Thirteen for the price of twelve? It is even worse than apples and oranges, it is more like comparing apples and orangutans.

To make a long story short, there is no way to devise an objective and non-arbitrary measure for comparing the overall complexity of any two given languages. It’s not simply that no one has bothered to do it-it’s inherently impossible even if one tried. So where does all this leave the dogma of equal complexity? When Joe, Piers, and Tom claim that “primitive people speak primitive languages,” they are making a simple and eminently meaningful statement, which just happens to be factually incorrect. But the article of faith that linguists swear by is even worse than wrong-it is meaningless. The alleged central finding of the discipline is nothing more than a hollow mouthful of air, since in the absence of a definition for the overall complexity of a language, the statement that “all languages are equally complex” makes about as much sense as the assertion that “all languages are equally cornflakes.”
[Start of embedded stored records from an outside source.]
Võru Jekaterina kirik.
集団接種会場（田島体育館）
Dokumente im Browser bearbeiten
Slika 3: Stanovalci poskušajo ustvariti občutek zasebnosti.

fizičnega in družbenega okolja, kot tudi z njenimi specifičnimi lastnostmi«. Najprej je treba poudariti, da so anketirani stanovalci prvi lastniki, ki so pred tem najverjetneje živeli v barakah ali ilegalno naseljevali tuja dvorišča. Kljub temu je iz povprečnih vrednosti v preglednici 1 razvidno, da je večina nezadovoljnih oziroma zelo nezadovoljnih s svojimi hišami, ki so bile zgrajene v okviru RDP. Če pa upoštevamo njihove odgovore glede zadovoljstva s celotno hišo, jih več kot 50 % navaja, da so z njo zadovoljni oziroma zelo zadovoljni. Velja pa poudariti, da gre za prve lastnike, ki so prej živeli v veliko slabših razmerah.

The campaign to convince the general public of the equality of all languages may be paved with best intentions, for it is undoubtedly a noble enterprise to disabuse people of the belief that primitive tribes speak primitive languages. But surely the road to enlightenment is not through countering factual errors with empty slogans.

While the pursuit of the overall complexity of language is a wild-goose chase, there is no need to give up on the notion of complexity altogether. In fact, we can considerably improve our chances of catching something meaty if we turn away from the phantom of overall complexity and instead aim for the complexity of particular areas of language. Suppose we decide to define complexity as the number of parts in a system. If we delineate specific areas of language carefully enough, it becomes eminently possible to measure the complexity of each of these areas individually. For example, we can measure the size of the sound system simply by counting the number of phonemes (distinct sounds) in a language’s inventory. Or we can look at the verbal system and measure how many tense distinctions are marked on the verb. When languages are compared in this way, it soon emerges that they vary greatly in the complexity of specific areas in their grammar. And whereas the existence of such variations is hardly stop-press news in itself, the more challenging question is whether the differences in the complexity of particular areas might reflect the culture of the speakers and the structure of their society.
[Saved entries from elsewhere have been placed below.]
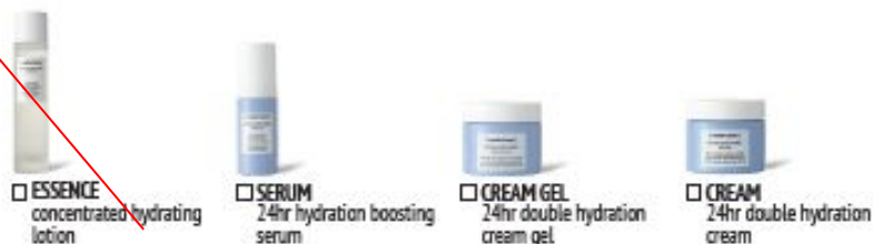
ESSENCE concentrated hydrating lotion

Improving cellular water diffusion and the barrier protective function. With Hyaluronic Acid, Biomimetic Fragments and Fair-trade Moringa Oil, it is recommended when skin feels dehydrated, looks dull and for frequent flyers.
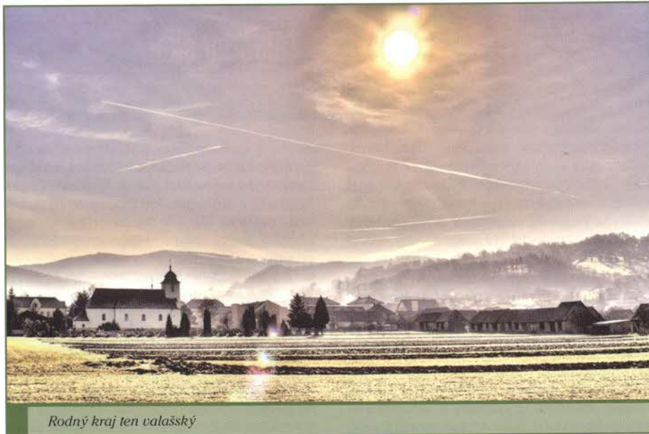
Rodný kraj ten valašský

JARNÍ VYDÁNÍ Č. 68 BŘEZEN 2017 ROČNÍK XVIII.
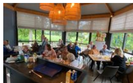
Foto 1 - 4: Tijdens de dagbesteding worden alle zintuigen geprikkeld en zijn deelnemers -in hun eigen tempo- alleen of met elkaar actief bezig. We spreken met elkaar een dagprogramma af zodat de dag voor iedereen zinvol en plezierig is.

Bent u mantelzorg van een van onze deelnemers? Wilt u een keer mee eten? Dat kan! U kunt zich aanmelden bij de betreffende vestiging.
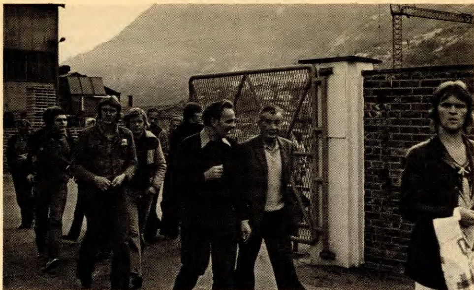
Zinken-arbeiderne har vedtatt streik og forlater jobben.

belgiske «Compagnie Royale Austurienne des Mines», har tatt rett ut av landet. A/S NORZINK betaler f.eks. ikke et øre i skatt til Odda kommune.
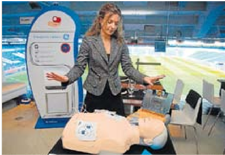
Un desfibrilador en el Bernabéu. ÁNGEL NAVARRETE
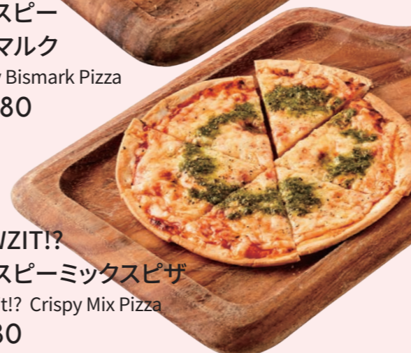
HOWZIT!? クリスピーミックスピザ Howzit!?! Crispy Mix Pizza ¥ 980
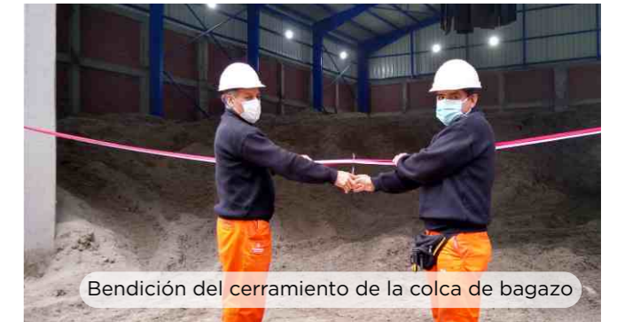
Bendición del cerramiento de la colca de bagazo
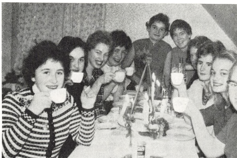
Julestue hos realpigerne.

Den 6. jan. 1961 var vi atter samlede på skolen, denne gang til juletræsfest for børneskolens elever. Samme aften vendte kosteleverne tilbage fra juleferien, og snart gik skolearbejdet sin vante gang.
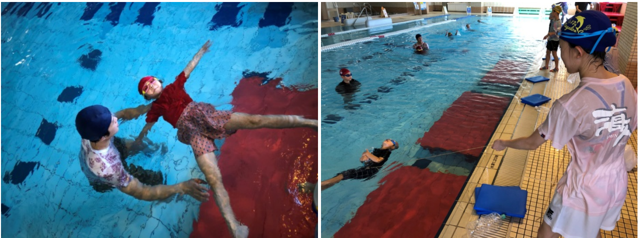
< 着衣泳教室の様子 >
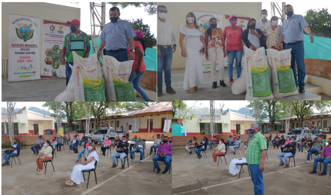
Figure 7: Soportes fotográficos entrega de biofertilizante TRIPLEORGANIC cabecera municipal ATACO

biofertilizante TRIPLEORGANIC, en esta entrega parcial se beneficiaron especialmente mujeres rurales y víctimas del conflicto armado bajo el respeto a los enfoques diferenciales (Étnicos), Diversidad Funcional, Diversidad sexual y de género, adulto mayor y juventud rural. En la cabecera municipal se entregaron 6.5 toneladas
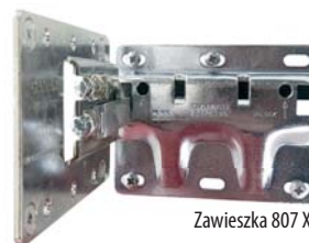
Zawieszka 807 XL

Na tegorocznych targach SICAM w Pordenone włoski producent akcesoriów meblowych najwyższej jakości – firma Camar kolejny rok z rzędu zaprezentowała dużą liczbę nowych produktów. Świadczy to nie tylko o popularności proponowanych klientom rozwiązań, ale i ciągłym dążeniu działu projektowego Camar do przedstawiania nowych – i nie da się ukryć – w większości rewolucyjnych rozwiązań. Co pokazano w tym roku?
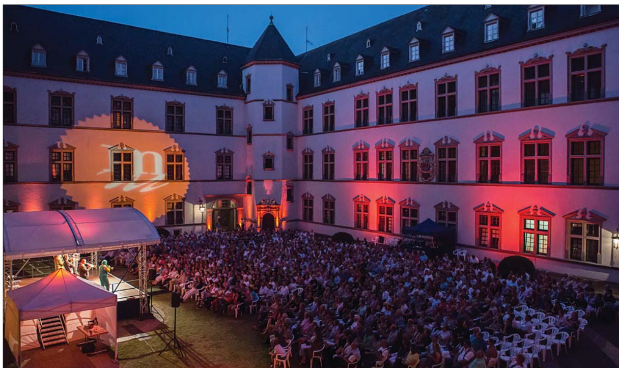
Geburtstagsparty. Ein Höhepunkt des Sommerprogramms war das Konzert „Happy Birthday Mnozil Brass“ zum 20. Geburtstag des Ensembles im festlich erleuchteten Innenhof des Kurfürstlichen Palais.

Zu den Höhepunkten gehörte nach Aussage von Festivalintendant Hermann Lewen das Geburtstagskonzert „20 Jahre Mnozil Brass“ in Trier. „Flying Bach“ war mit 2700 Besuchern das weltweit am besten besuchte Gastspiel der Tournee. „Der Trend, dass das Mosel Musikfestival auch überregional touristisch wahrgenommen wird, hat sich positiv weiterent-
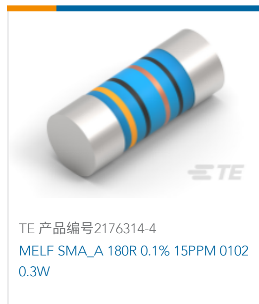
TE 产品编号2176314-4 MELF SMA_A 180R 0.1% 15PPM 0102 0.3W

There is one area of language whose complexity is generally acknowledged to depend on culture-this is the size of the vocabulary. The obvious dividing line here is between languages of illiterate societies and those with a written tradition. The aboriginal languages of Australia, for example, may have many more words than the two hundred that the Cairns radio presenter was granting them, but they still cannot begin to compete with the word hoard of European languages. Linguists who have described languages of small illiterate societies estimate that the average size of their lexicons is between three thousand and five thousand words. In contrast, small-size bilingual dictionaries of major European languages typically contain at least fifty thousand entries. Larger ones would contain seventy to eighty thousand. Decent-size monolingual dictionaries of English contain about a hundred thousand entries. And the full printed edition of the Oxford English Dictionary has around three times that many entries. Of course, the OED contains many obsolete words, and an average English speaker would recognize only a fraction of the entries. Some researchers have estimated the passive vocabulary of an average English-speaking university student at about forty thousand words-this is the number of words whose meaning is recognized, even if they are not actively used. Another source estimates the passive vocabulary of a university lecturer at seventy-three thousand words.
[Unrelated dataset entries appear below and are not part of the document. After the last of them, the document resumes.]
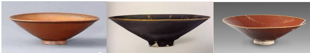
當陽峪窯斗笠茶盞三款

當陽峪窯位於河南省焦作市修武縣西村鄉當陽峪村，是我國宋代各窯口中相對的大窯區，內裡包括四十多個窯口。而當陽峪窯遺址東西長約2000米，南北寬約1000米。
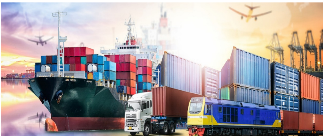
Slika 3. Multimodalni transport [17]

Suvremene globalne tendencije tržišno-robne razmjene, koje su u posljednje vrijeme znatno povećane, odražavaju se u primjeni suvremenih transportnih sustava, uključujući integralne, multimodalne i kombinirane sustave koji povezuju različita prijevozna sredstva (Slika 3.). Nove tehnologije transporta u cijelom transportnom lancu, od proizvođača do potrošača, postavljaju nužnost racionalizacije u cjelokupnom gospodarstvu i izravno utječu na konkurentne sposobnosti za integraciju nacionalnog gospodarstva u međunarodnu podjelu rada [4].
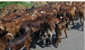
ಕುರಿಗಳ ಮಂದೆ ಇಡುವುದು

ಇದು ಸಾಂಪ್ರದಾಯಿಕವಾಗಿ ಅಳವಡಿಸುತ್ತಿರುವ ಪದ್ಧತಿ. ಹಸು, ಎಮ್ಮೆ, ಎತ್ತು, ಕುರಿ, ಮೇಕೆಗಳ ಹಿಂಡನ್ನು ಜಮೀನಿನಲ್ಲಿ ರಾತ್ರಿ ಹೊತ್ತು ಕಟ್ಟುತ್ತಾರೆ. ಅವುಗಳ ಗಂಜಲ/ಮೂತ್ರ, ಸಗಣೆಗಳಿಂದ ಜಮೀನಿನ ಸಾರ ಹೆಚ್ಚುತ್ತದೆ.
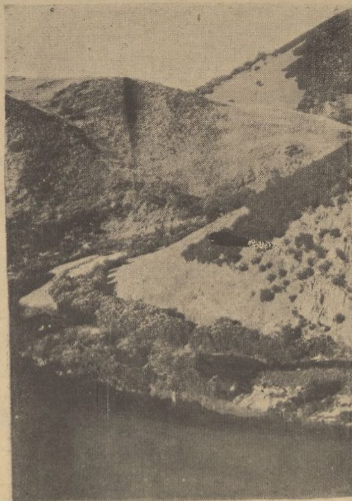
Otra perspectiva del emplazamiento de la «presa» del pantano de La Junta.

Si dentro del plan de obras hidráulicas, elaborado por el Centro de Estudios Hidrográficos continúa barajándose aquellos millones, nada de extraño ni de exorbitante tendría que nuestros diputados, con el exministro, señor Jalón, que ofrecimientos tan favorables en

The reason for the great difference between languages with and without a written tradition is fairly obvious. In illiterate societies, the size of the vocabulary is severely restricted precisely because there is no such thing as “passive vocabulary”-or at least the passive vocabulary of one generation does not live to see the next: a word that is not actively used by one generation will not be heard by the next generation and will then be lost forever.

MORPHOLOGY

While the cultural dependence of the vocabulary is neither surprising nor controversial, we are entering more troubled waters when we try to ascertain whether the structure of society might affect the complexity of areas in the grammar of a language, for instance its morphology. Languages vary considerably in the amount of information they convey within words (rather than with a combination of independent words). In English, for example, verbs like “walked” or “wrote” express the pastness of the action within the verb itself, but they do not reveal the “person,” which is instead indicated with an independent word like “you” or “we.” In Arabic, both tense and person are contained within the verb itself, so that a form like katabn means “we wrote.” But in Chinese, neither the pastness of the action nor the person is conveyed on the verb itself.

There are also differences in the amount of information encapsulated within nouns. Hawaiian does not indicate the distinction between singular and plural on the noun itself and uses independent words for the purpose. Similarly, in spoken French, most nouns sound the same in the singular and plural (jour and jours are pronounced in the same way, and one needs independent words, such as the definite article le or les, to make the difference heard). In English, on the other hand, the distinction between singular and plural is audible on the noun itself (dog-dogs, man-men). Some languages make even finer distinctions of number and have special forms also for the dual. Sorbian, a Slavic language spoken in a little enclave in eastern Germany, distinguishes between hrod, “a castle,” hrodaj, “two castles,” and hrody, “[three or more] castles.”

The information specified on pronouns also varies between languages. Japanese, for instance, makes finer distinctions of distance on demonstrative pronouns than modern English. It differentiates not just between “this” (for close objects) and “that” (for objects farther away) but has a three-way division between koko (for an object near the speaker), soko (near the hearer), asoko (far from both). Hebrew, on the other hand, makes no such distance distinctions at all and can use just one demonstrative pronoun regardless of distance.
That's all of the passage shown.